TrainOutput(global_step=19750, training_loss=0.9750066875988924, metrics={'train_runtime': 5661.6116, 'train_samples_per_second': 27.907, 'train_steps_per_second': 3.488, 'total_flos': 7133320516097280.0, 'train_loss': 0.9750066875988924, 'epoch': 2.0})
</div> </div> </div>

Changing the rating proportions in the training set definitely improved the recall score for 3 and 4 star ratings but at the cost of the recall for 1 and 5 star ratings. The accuracy stayed the same. Depending on the use case and what our objective function or cost function is, one might want to use such a training set with hand tuned proportions of star ratings. We will not pursue this further.

4. Evaluating on the Test Set

Now we will compare various checkpoints of the models we fine-tuned with the distilBERT which was fine-tuned on the SST2 dataset.

We will write a function which computes the accuracy and recall, and also plots the distributions of the probabilities the model assigns to each class, conditional on the actual ground truth class. We will do this both for the classification into star ratings (5 classes) and for the classification into sentiment (2 classes). The latter will allow us to compare our models to the SST2 distilBERT, which is a binary classifier.

We will use the test set for the evaluation. For that purpose we will create test_dataloader and the get_probs function, which takes the model and the dataloader and returns the predicted probabilities.

data_collator = DataCollatorWithPadding(tokenizer=tokenizer)

test_dataloader = DataLoader(
    tokenized_datasets['test'], batch_size=32, collate_fn=data_collator
)
def get_probs(model, dataloader):
  probs = []
  model = model.to(device)
  model.eval()
  m = nn.Softmax(dim=1)
  for batch in tqdm(dataloader):
    batch = {k: v.to(device) for k, v in batch.items()}
    with torch.no_grad():
      outputs = model(**batch)
      logits = outputs.logits
      probs += m(logits).tolist()
  return np.array(probs)

We define the sentiment as:

  • negative or 0 if the rating is 3 or lower
  • positive or 1 if the rating is 4 or 5.

The reason we make 3 negative is that the distilBERT fine-tuned on SST2 classifies most 3 star ratings as negative. Looking at the reviews they do seem mostly negative.

reviews_test['sentiment'] = (reviews_test['rating'] > 3).astype(int)

The following function computes the accuracy and recall (for each class). If the sentiment argument is set to True, the classes are the binary sentiment. If a model predicts ratings, they will be converted to sentiments inside the function. If the model predictions are binary, the sentiment argument passed is ignored and set to True.

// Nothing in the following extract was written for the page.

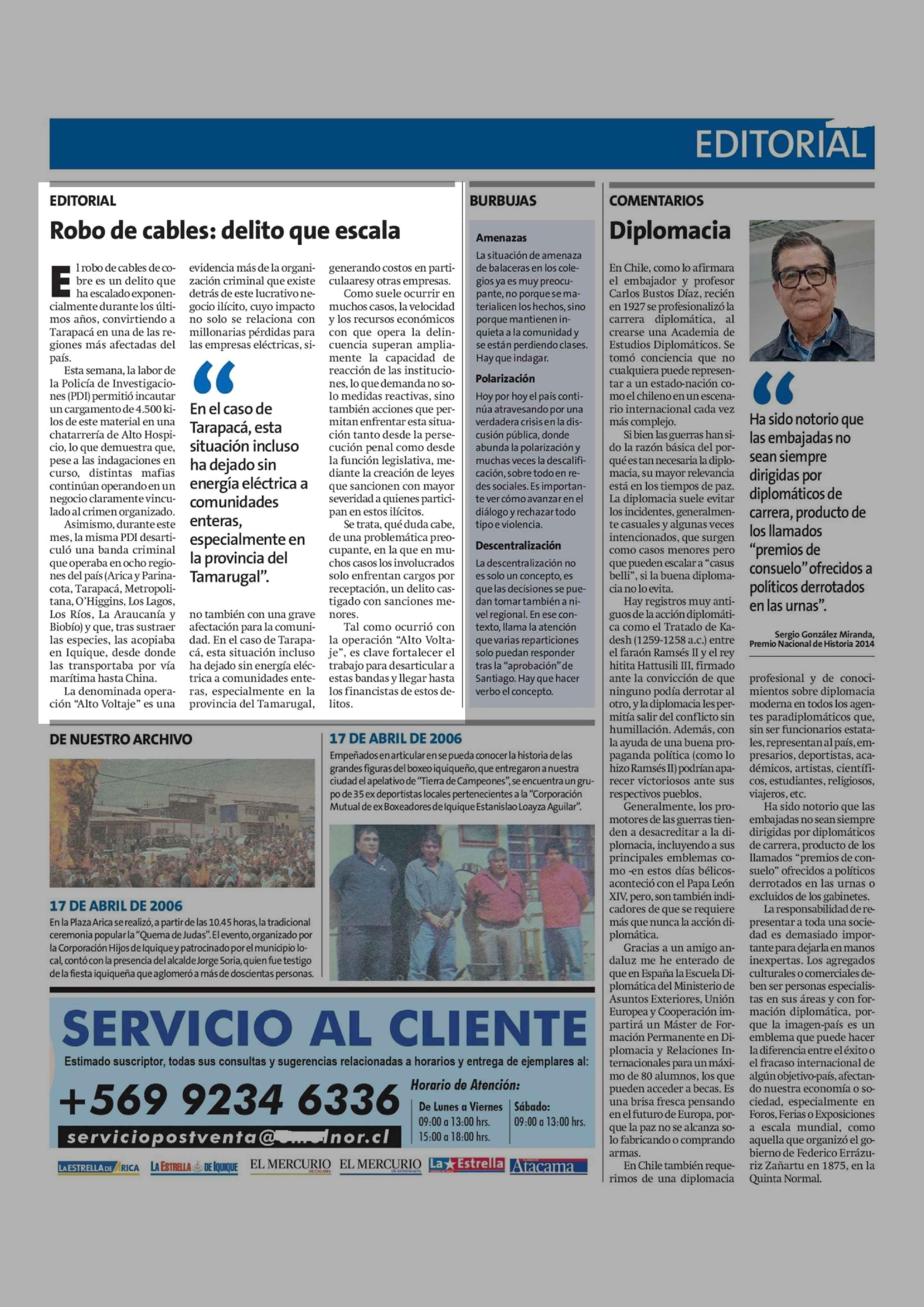 Fecha: 17-04-2026 Sector: Editorial Región: Región de Tarapacá

The function also plots histograms of probabilities assigned by the model in a grid. The rows in the grid correspond to the true classes (rating or sentiment for the review) and the columns correspond to the probability predictions. Each histogram consists of the probabilities that the model assigns to the class for that column when restricting to the reviews with true class given by the row. If the model is performing well, we expect the probabilities on the diagonal of the grid to concentrate at 1 and for the remaining histograms to concentrate at 0.

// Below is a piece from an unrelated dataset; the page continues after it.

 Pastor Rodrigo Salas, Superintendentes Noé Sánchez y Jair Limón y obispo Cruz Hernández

def plot_rating_hists(probs, targets_df):
  fig, axs = plt.subplots(5, 5, figsize=(16, 8), constrained_layout=True)
  fig.suptitle(
    'Distribution of the predicted probabilities conditional on the true rating',
    size='x-large',
  )
  for y_true, ax_row in enumerate(axs):
    for y_pred, ax in enumerate(ax_row):
      sns.histplot(
          probs[targets_df['labels'] == y_true, y_pred],
          ax=ax,
          kde=True,
          bins=20,
      )
      if y_true == 0:
        ax.set_title(
            f'Probability that rating is {y_pred + 1}'
        )
      if y_pred == 0:
        ax.set_ylabel(f'True rating is {y_true + 1}', size='large')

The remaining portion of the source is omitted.